CML called on the governor and legislative leaders early on to commit state ARPA funding to infrastructure and was prepared to push for this in the interim process. In particular, the League has advocated for a significant infusion into the Small Communities Water and Wastewater Grant Funds that are specifically for disadvantaged communities under 5,000 population facing crippling costs for upgrading infrastructure. The state provides no continuous appropriations for the funds.

CML also called for the restoration of up to $400 million in the Energy Impact Assistance Fund in the Department of Local Affairs (DOLA). From 2008-2013, the state siphoned off local grant dollars to backfill the state budget, and in 2015 to backfill the state’s TABOR refund obligation. Those funds have never been returned and would otherwise have been responsible for up to $1 billion in infrastructure and jobs, generally in disadvantaged parts of the state.

Last week, local governments were told that while there will be some sort of economic recovery and relief interim process, those appointed will not include any local government officials and the intention seems clear to only fund state priorities. Feedback from the meeting seems to indicate that infrastructure will not be a priority because there is an expectation of money coming from the Infrastructure Investment and Jobs Act (IIJA), which is now stalled in the U.S. House of Representatives as a result of a showdown with the Senate over a larger amount of funding through budget reconciliation. The future of both IIJA and the larger package remain uncertain.
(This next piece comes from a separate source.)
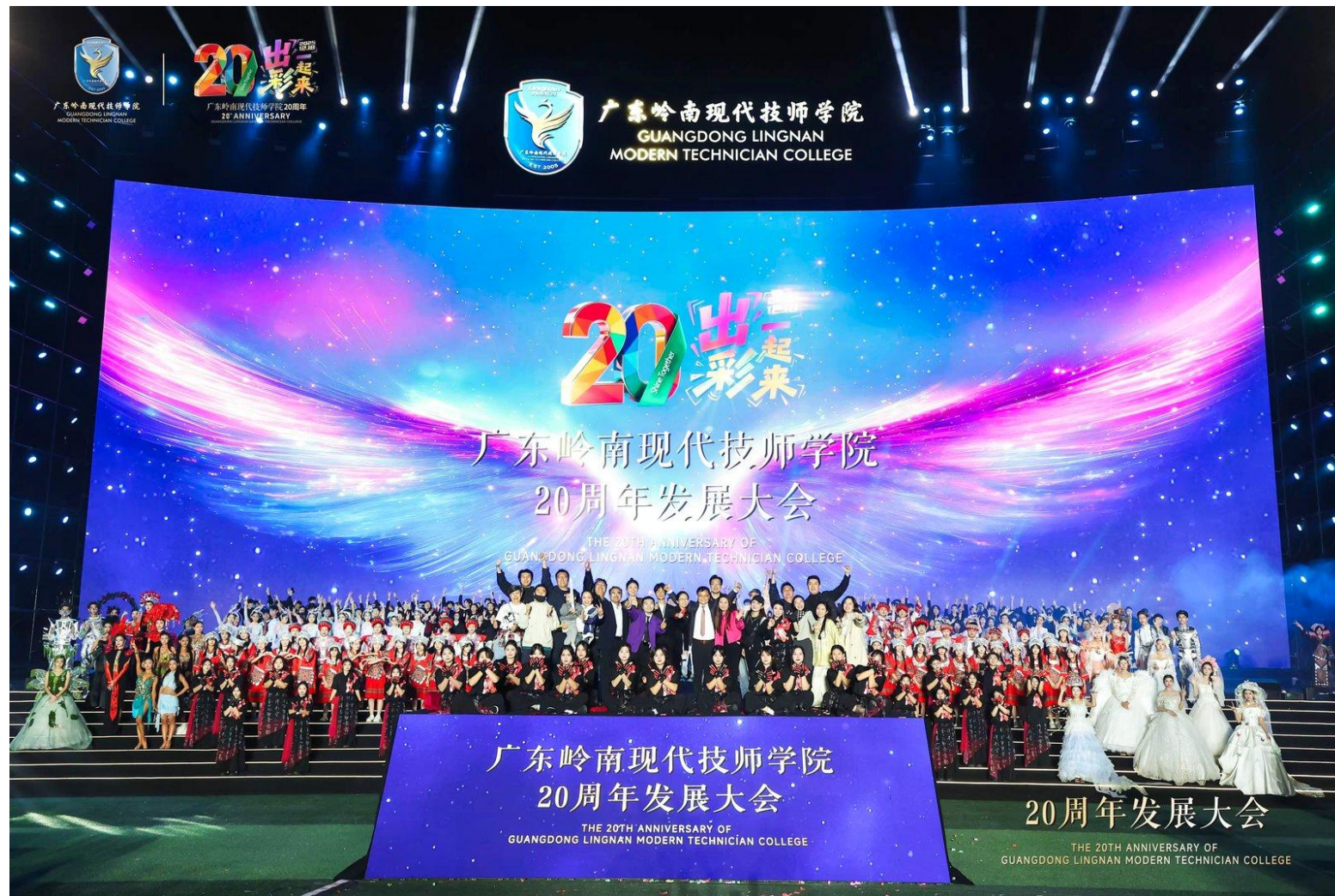
演职人员合影留念

Failing to support a direct and immediate infusion into programs that will boost economies and create jobs now is unfortunate, as CML believes it would clearly “help regain full employment and provide additional gap relief efforts and fund unmet needs” in parts of Colorado that needed assistance even before the pandemic. CML will continue to advocate for the state to direct funds to programs that will have a significant local impact consistent with Gov. Polis’s Building Back Stronger goals.